━━━━━ Material for the task ━━━━━

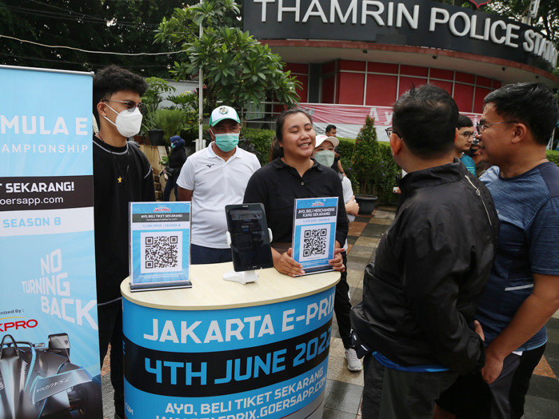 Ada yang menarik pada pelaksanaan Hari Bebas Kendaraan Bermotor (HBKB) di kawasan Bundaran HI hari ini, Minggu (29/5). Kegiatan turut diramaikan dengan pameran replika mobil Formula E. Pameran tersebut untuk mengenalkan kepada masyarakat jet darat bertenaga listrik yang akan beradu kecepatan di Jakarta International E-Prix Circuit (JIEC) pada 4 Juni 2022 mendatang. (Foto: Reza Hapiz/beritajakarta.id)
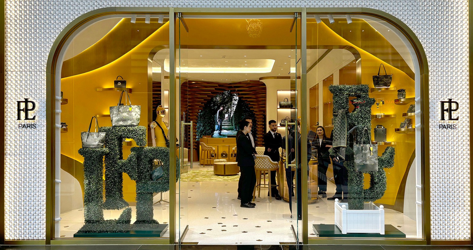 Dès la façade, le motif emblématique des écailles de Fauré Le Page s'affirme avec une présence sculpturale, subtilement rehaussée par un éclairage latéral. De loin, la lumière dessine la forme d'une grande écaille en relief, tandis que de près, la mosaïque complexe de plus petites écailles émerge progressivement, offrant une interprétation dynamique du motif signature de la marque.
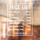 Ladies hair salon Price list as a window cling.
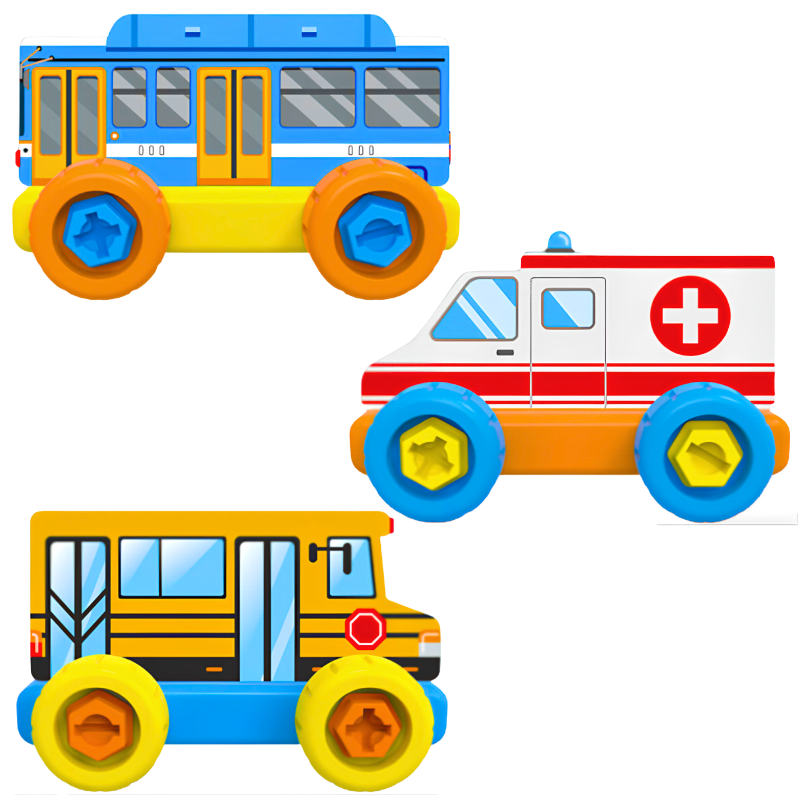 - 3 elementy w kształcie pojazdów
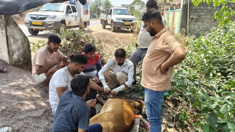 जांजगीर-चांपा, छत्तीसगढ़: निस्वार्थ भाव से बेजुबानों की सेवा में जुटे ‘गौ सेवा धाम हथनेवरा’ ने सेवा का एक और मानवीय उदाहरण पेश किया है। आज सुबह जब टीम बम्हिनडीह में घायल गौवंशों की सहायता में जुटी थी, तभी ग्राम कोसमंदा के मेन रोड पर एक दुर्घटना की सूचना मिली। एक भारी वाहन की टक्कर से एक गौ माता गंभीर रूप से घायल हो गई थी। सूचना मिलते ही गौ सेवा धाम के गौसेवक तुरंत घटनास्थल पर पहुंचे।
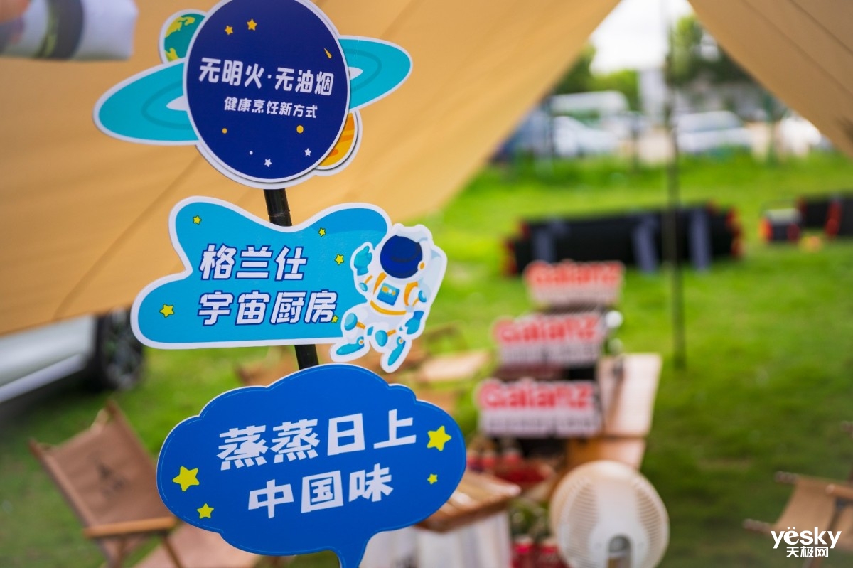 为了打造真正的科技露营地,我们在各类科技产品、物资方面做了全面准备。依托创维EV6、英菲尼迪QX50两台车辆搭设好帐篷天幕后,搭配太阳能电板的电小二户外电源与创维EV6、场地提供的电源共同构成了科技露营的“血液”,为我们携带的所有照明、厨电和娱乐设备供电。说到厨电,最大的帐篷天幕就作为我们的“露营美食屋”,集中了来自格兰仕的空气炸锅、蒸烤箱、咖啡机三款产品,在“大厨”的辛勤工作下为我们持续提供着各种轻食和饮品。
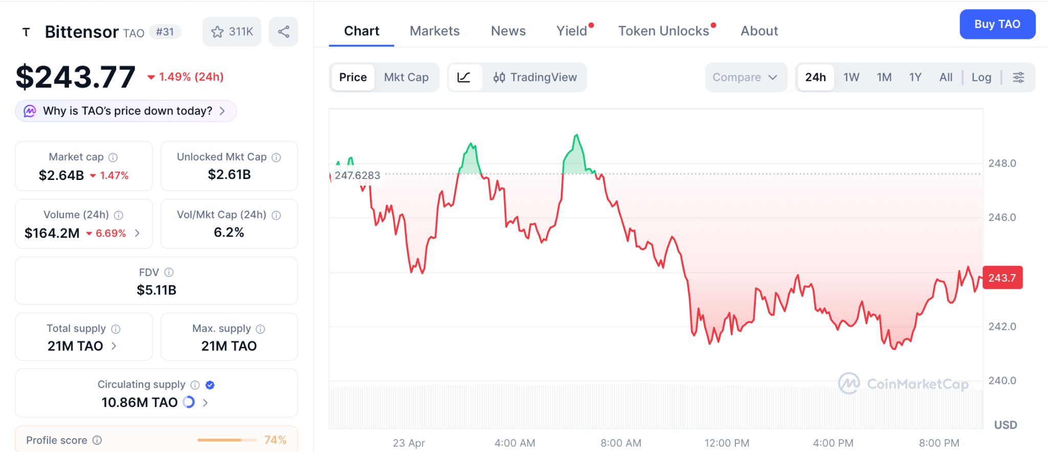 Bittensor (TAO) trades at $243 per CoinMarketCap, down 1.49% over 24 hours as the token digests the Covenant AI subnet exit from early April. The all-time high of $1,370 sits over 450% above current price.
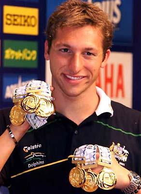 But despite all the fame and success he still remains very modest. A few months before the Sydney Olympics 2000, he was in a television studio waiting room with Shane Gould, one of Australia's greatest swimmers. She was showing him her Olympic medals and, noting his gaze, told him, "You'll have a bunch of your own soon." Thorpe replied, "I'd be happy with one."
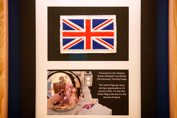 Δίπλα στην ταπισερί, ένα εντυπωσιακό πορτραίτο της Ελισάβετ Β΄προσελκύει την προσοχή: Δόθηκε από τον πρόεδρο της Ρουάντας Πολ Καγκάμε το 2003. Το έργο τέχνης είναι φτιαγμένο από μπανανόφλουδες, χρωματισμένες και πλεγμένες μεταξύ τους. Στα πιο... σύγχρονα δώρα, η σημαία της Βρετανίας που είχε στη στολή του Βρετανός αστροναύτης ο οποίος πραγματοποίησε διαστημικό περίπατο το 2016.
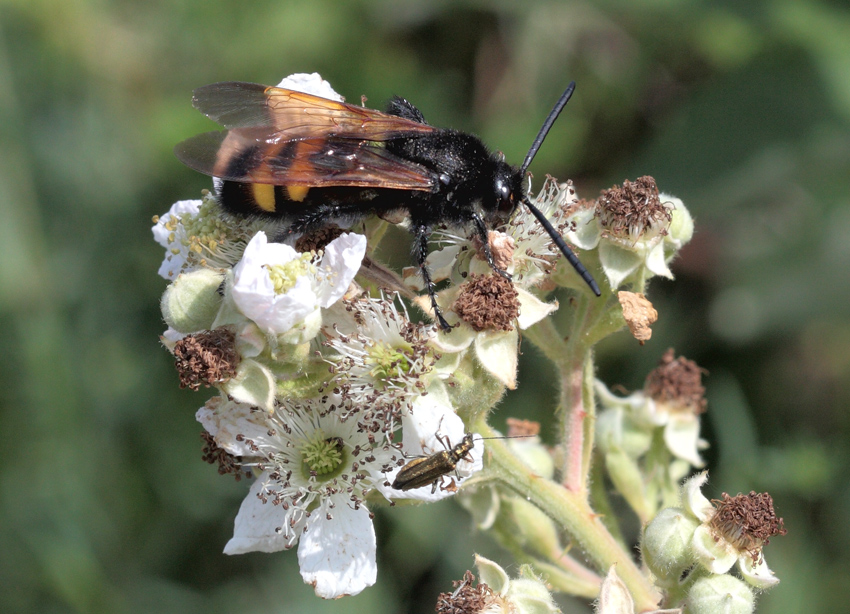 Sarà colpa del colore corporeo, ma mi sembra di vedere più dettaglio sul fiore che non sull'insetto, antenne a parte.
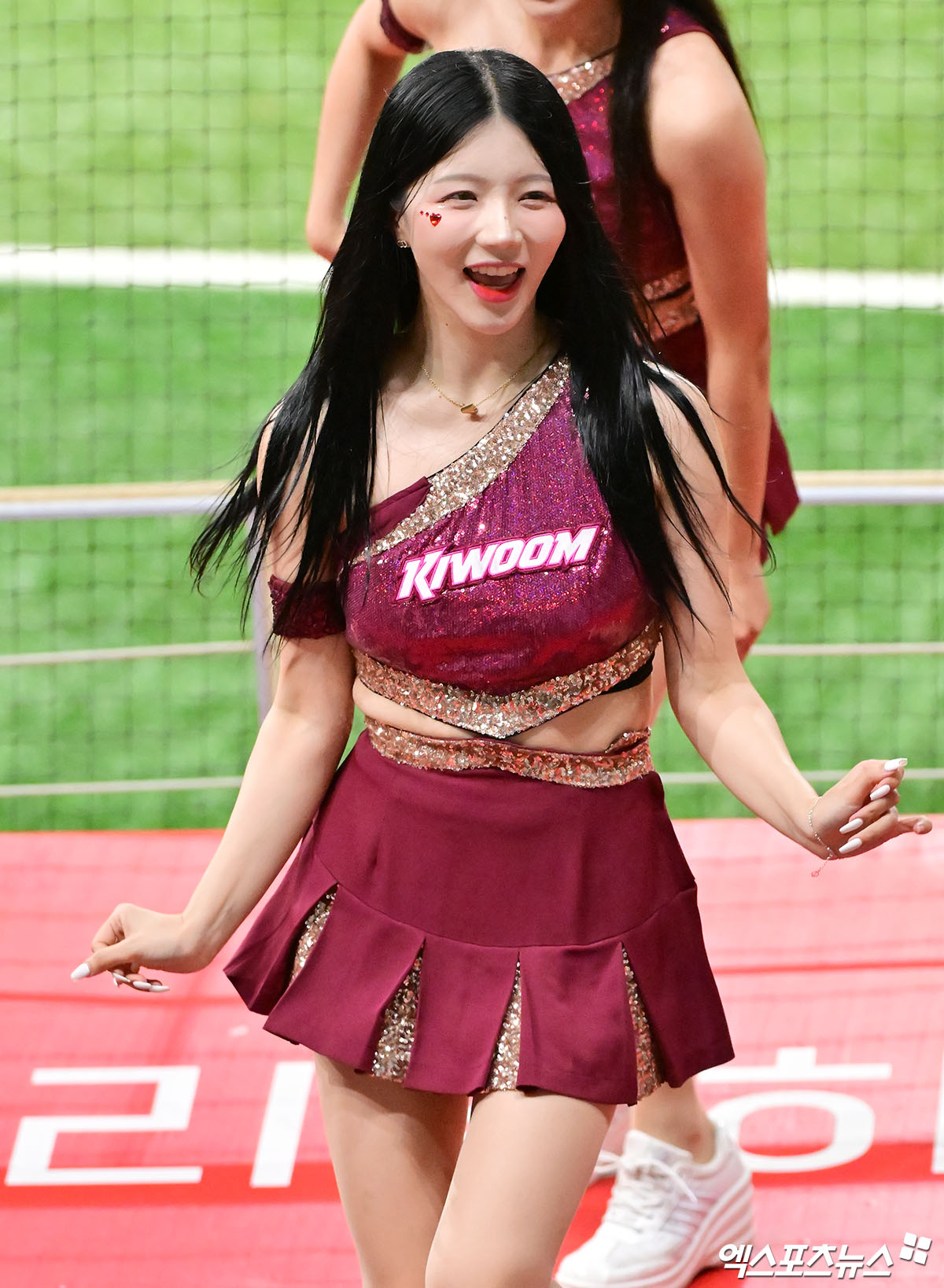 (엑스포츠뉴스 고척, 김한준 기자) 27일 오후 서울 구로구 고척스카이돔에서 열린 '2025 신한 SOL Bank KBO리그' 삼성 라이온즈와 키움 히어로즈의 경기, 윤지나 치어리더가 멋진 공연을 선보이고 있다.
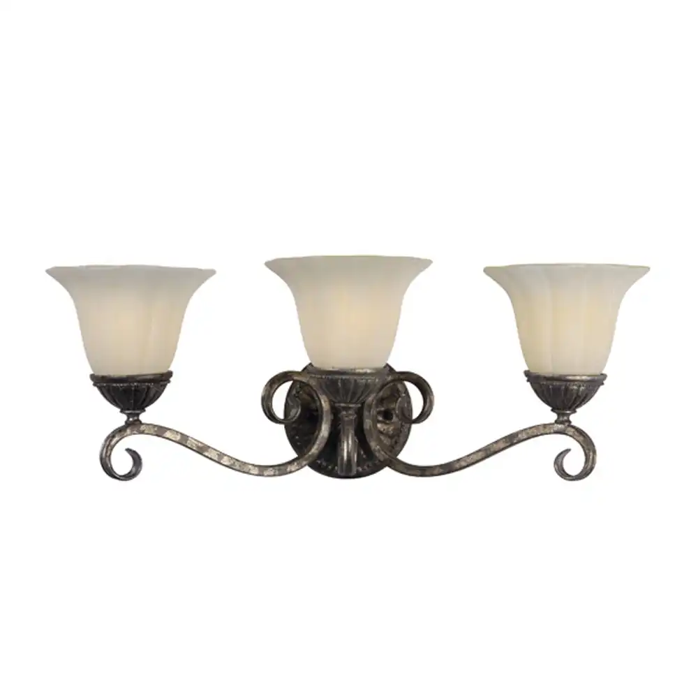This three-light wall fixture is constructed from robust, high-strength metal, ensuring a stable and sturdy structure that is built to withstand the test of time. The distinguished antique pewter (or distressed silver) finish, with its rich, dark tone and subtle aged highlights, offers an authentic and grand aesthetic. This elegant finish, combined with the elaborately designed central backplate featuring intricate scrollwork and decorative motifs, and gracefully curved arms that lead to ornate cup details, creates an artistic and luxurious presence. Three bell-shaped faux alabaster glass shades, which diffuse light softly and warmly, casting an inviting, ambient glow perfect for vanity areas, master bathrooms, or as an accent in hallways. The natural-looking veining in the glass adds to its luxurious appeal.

━━━━━

- **Exercise requirements**:
Output exactly the lines above, from the line with "Sarà colpa del" to the line with "(엑스포츠뉴스 고척, 김한준", both included; skip the pictures.

- **Reply to the task**:
 Sarà colpa del colore corporeo, ma mi sembra di vedere più dettaglio sul fiore che non sull'insetto, antenne a parte.
 (엑스포츠뉴스 고척, 김한준 기자) 27일 오후 서울 구로구 고척스카이돔에서 열린 '2025 신한 SOL Bank KBO리그' 삼성 라이온즈와 키움 히어로즈의 경기, 윤지나 치어리더가 멋진 공연을 선보이고 있다.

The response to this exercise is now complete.